DESTINATÁRIO – Secretaria de Estado da Cultura

Exma. Sra. Presidente da Assembleia da República,

É escassa a documentação preservada em Portugal ao nível de actas de vereações medievais. Mas é em Loulé que se encontram as actas municipais mais antigas, num período que se estende entre o dia 12 de Dezembro de 1384 e se prolonga já para lá da época medieval, até ao dia 13 de Julho de 1488.

Além destas actas, no Arquivo Histórico Municipal de Loulé, encontram-se outras preciosidades para os medievalistas, como inventários de património de jovens casais, livros de receita e despesa, um livro de um juiz dos órfãos ou vários registos fiscais.

A sobrevivência deste património deve-se, em primeiro lugar ao historiador Alberto Iria, que o encontrou em 1945 na Biblioteca do Arquivo da antiga Assembleia Nacional, conservou e destinou à Câmara Municipal de Loulé, após a sua morte.

Por ali ficaram estes documentos esquecidos e maltratados, salvos em 1983 no último momento, pela então directora do Arquivo Histórico de Loulé, Isilda Martins, de um infeliz e trágico desaparecimento. E foi por seu impulso, e com o apoio da Câmara Municipal de Loulé no mandato de 1983-1985, que foram trazidos à atenção de investigadores e historiadores. Baquero Moreno, Oliveira Marques, Luis Miguel Duarte, João Alberto Machado, entre muito outros, atestaram desde então estar-se em presença de documentos de “importância única”. Foi com as I Jornadas de História Medieval do Algarve e Andaluzia, realizadas de 23 a 25 de Novembro de 1984, que deixaram de ser inéditas e foram publicadas. Bem faz a edilidade actual em querer assinalar a importância da data histórica da acta municipal medieval mais antiga existente em Portugal.

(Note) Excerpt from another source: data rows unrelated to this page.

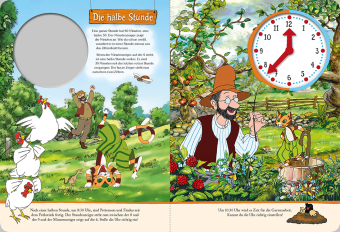 Auf dem Bauernhof gibt es von morgens bis abends immer viel zu tun und zu entdecken. Kinder ab 4 Jahren erleben mit dem liebenswerten Pettersson und seinem frechen Kater Findus den Tagesablauf und lernen dabei spielerisch den ersten Umgang mit der Uhrzeit. Alle Zeiten können mithilfe von beweglichen Zeigern auf dem Ziffernblatt eingestellt werden.
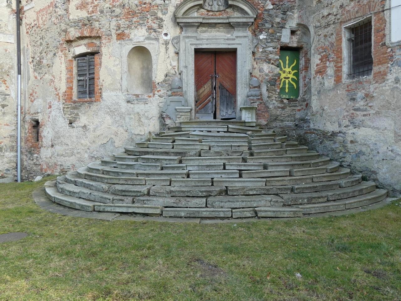Projekt počítá s kompletní rekonstrukcí hlavního zámeckého obloukového schodiště, které tvoří největší dominantu západního křídla historické zámecké budovy a které se v současné době nalézá v havarijním stavu. Schodiště o výměře 145 mb bude po zaměření a po zakreslení kamenných stupňů demontováno a bezpečně uskladněno v rámci areálu. Dojde k úpravě podkladů a následnému osazení, očištění a spárování schodišťových stupňů. Rekonstrukce se dočkají i postranní zídky na horní podestě, kdy dojde k jejich demontáži, k následnému restaurování a osazení zpět na původní místo.
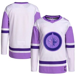 W.Jets Hockey Fights Cancer Primegreen Authentic Blank Practice Jersey White Purple Stitched American Hockey Jerseys
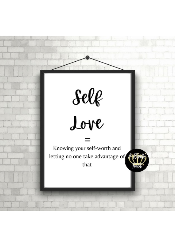 Self Love Saying Wall Art, Love Quote, White Black Self Worth
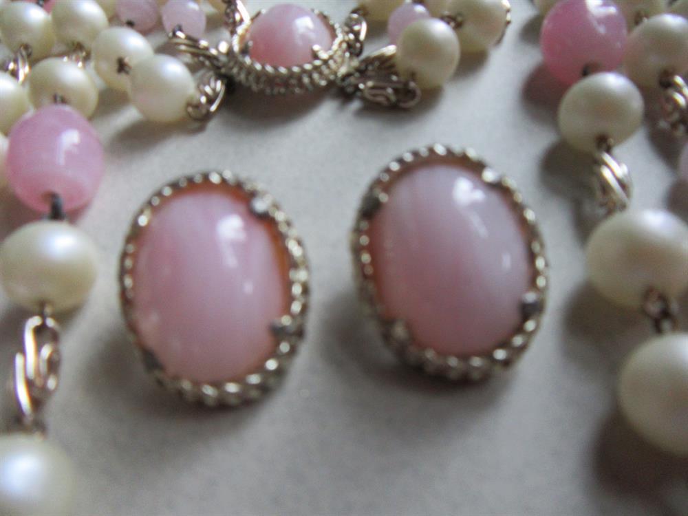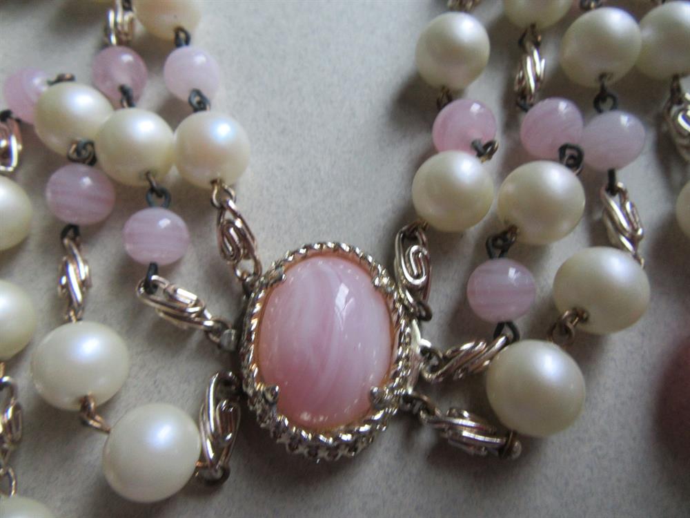 1950's Vintage Pink Swirly Glass and Faux Pearls Necklace Set As Is
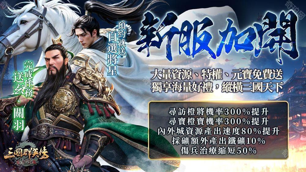 全新服务器专属活动「王图霸业」!与新服务器玩家一起进行多种挑战内容,在竞争领地的同时,也要合作完成挑战,考验您的领导力与团队合作。挑战内容精彩丰富,包括累计讨伐流寇总数、全服累计总兵力、以及联盟成员的宫城等级达到指定条件等多项任务。只要共同完成任务目标,便可获得海量稀有道具,如加速资源、兵法书、随机星宿石礼包等,还将有机会获得「玄.关羽」和「刘备」等知名三国武将。

Ora, segundo o nº 3 do artigo 15º da Lei de Bases do Património Cultural (Lei nº 107/2001, de 8 de Setembro), “para os bens móveis classificados como de interesse nacional é criada a designação «tesouro nacional». Mais adiante, no artigo 17º da citada Lei, são definidos os critérios genéricos de apreciação, especificando-se que para a classificação ou a inventariação, em qualquer uma das categorias  referidas no artigo 15º (bens imóveis ou móveis, “monumentos nacionais” ou “tesouros nacionais”, serão tidos em conta algum ou alguns dos nove critérios apontados.

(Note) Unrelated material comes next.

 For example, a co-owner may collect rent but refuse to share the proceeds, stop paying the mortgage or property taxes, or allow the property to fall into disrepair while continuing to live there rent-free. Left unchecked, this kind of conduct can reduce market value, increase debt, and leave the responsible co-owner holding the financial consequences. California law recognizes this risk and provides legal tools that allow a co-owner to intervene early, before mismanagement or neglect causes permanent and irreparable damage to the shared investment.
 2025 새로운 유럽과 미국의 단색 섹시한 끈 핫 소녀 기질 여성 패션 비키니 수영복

Resulta, pois, à evidência que, para a classificação dessa Acta Municipal de Loulé de 12 de Dezembro de 1384, e das demais e outra documentação que se estendem até 13 de Julho de 1488, como “tesouro nacional”, concorrem favoravelmente vários desses critérios, designadamente os seguintes:

– da alínea a): “O carácter matricial do bem”;

– da alínea c): “O interesse do bem como testemunho simbólico (…)”;

– da alínea d): “O interesse do bem como testemunho notável de vivências ou factos históricos”;

– da alínea e): “O valor estético, técnico ou material intrínseco do bem”;

– da alínea g): “A extensão do bem e o que nela se reflecte do ponto de vista da memória colectiva”;

– da alínea h): “A importância do bem do ponto de vista da investigação histórica ou científica”.

Finalmente, dispõe o nº 1 do artigo 28º da Lei atrás citada que “a classificação de um bem como de interesse nacional reveste a forma de decreto do Governo.

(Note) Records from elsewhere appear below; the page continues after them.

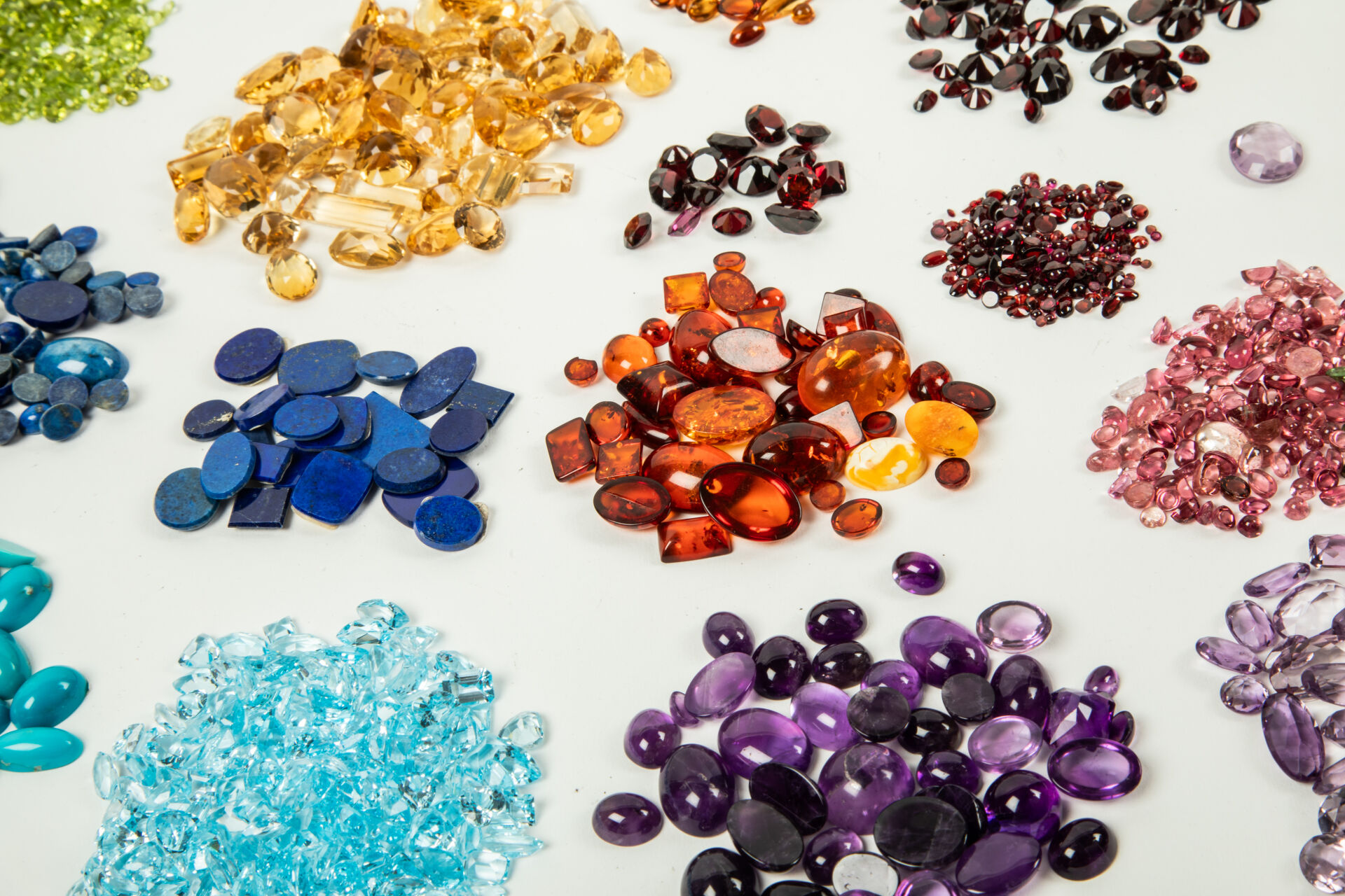 Important ensemble de pierres fines sur papier comprenant : turquoises, ambre, grenats, aigue-marine, lapis-lazuli, péridots, topazes, verres, tourmalines, améthystes, onyx, citrines.
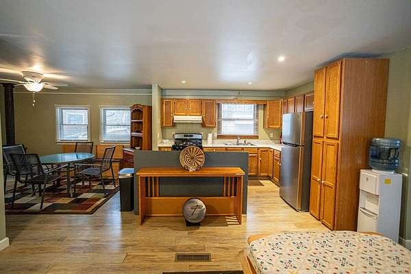 - Fireplace, Kitchen Island, Window Treatments
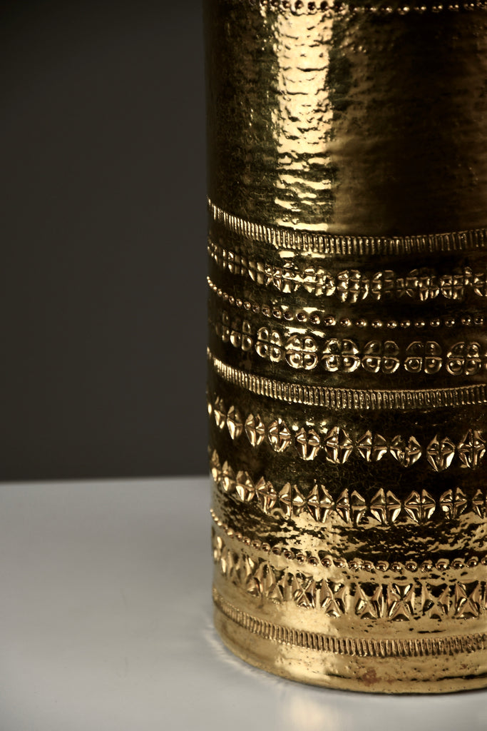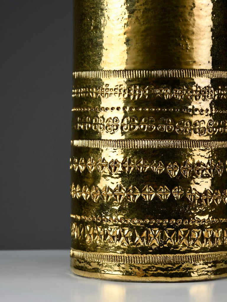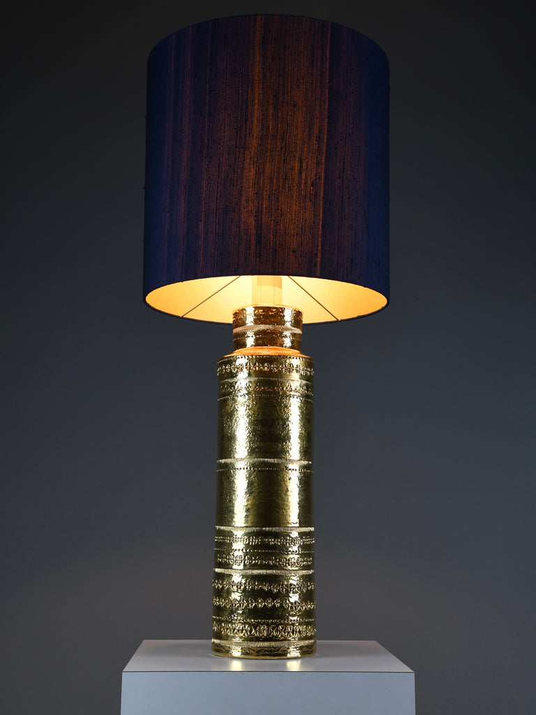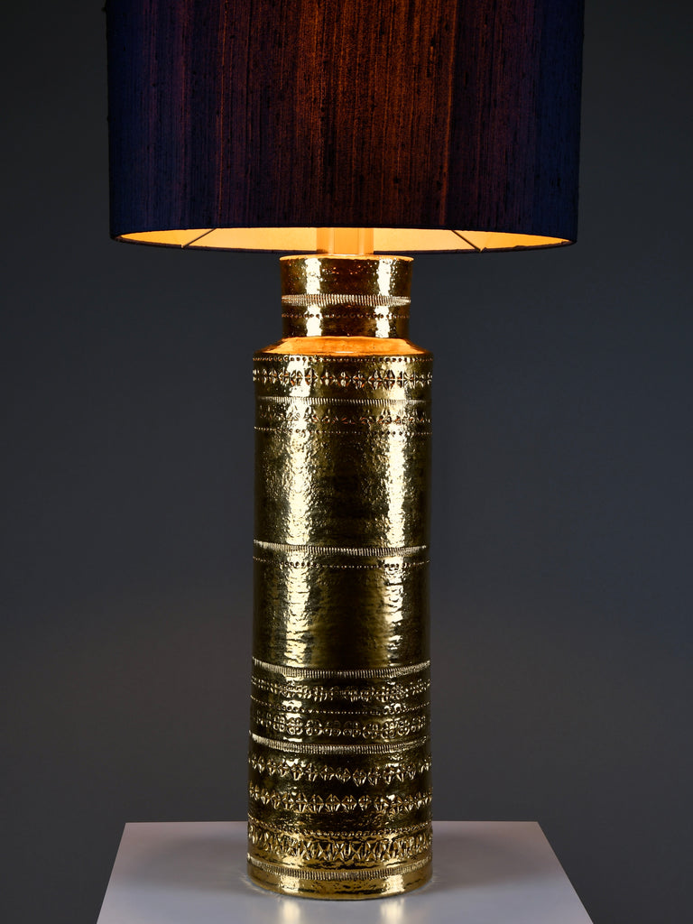 The lamp features a richly textured cylindrical ceramic base finished in brilliant gold glaze, intricately incised and stamped with Londiās signature geometric and floral motifs. The surface plays beautifully with the light, creating a captivating, tactile elegance. This example is in excellent original condition, professionally rewired, and topped with a bespoke, handcrafted lampshade in a deep-toned textile, perfectly complementing the warm gold body.

Esta é a razão pela qual, ao abrigo do arsenal de disposições constitucionais, legais e regimentais, se solicita a V. Exa. se digne obter da Secretaria de Estado da Cultura resposta às seguintes questões:

  • Tem o Governo conhecimento da existência da Acta Municipal de Loulé de 12 de Dezembro de 1384, e das demais e outra documentação que se estendem até 13 de Julho de 1488, e da valia histórica e testemunhal do seu conteúdo, fundamentais para a compreensão da História da Administração Pública Local em Portugal, do contexto histórico da crise de 1383-1385 e para o estudo da vida portuguesa ao longo de séculos (desde a linguística aos hábitos alimentares)?
  • Considera o Governo estarem reunidos os pressupostos, mais do que suficientes, elencados pela Lei de Bases do Património Cultural, preenchendo pelo menos seis dos nove critérios, para poder classificar essas Actas e demais documentação como um “tesouro nacional”?
  • Em caso afirmativo, e considerando que no próximo dia 12 de Dezembro de 2014, se assinalam os 630 anos da reunião autárquica louletana descritos nessa Acta poderia, a título simbólico, o decreto classificador ser aprovado pelo Governo até essa data?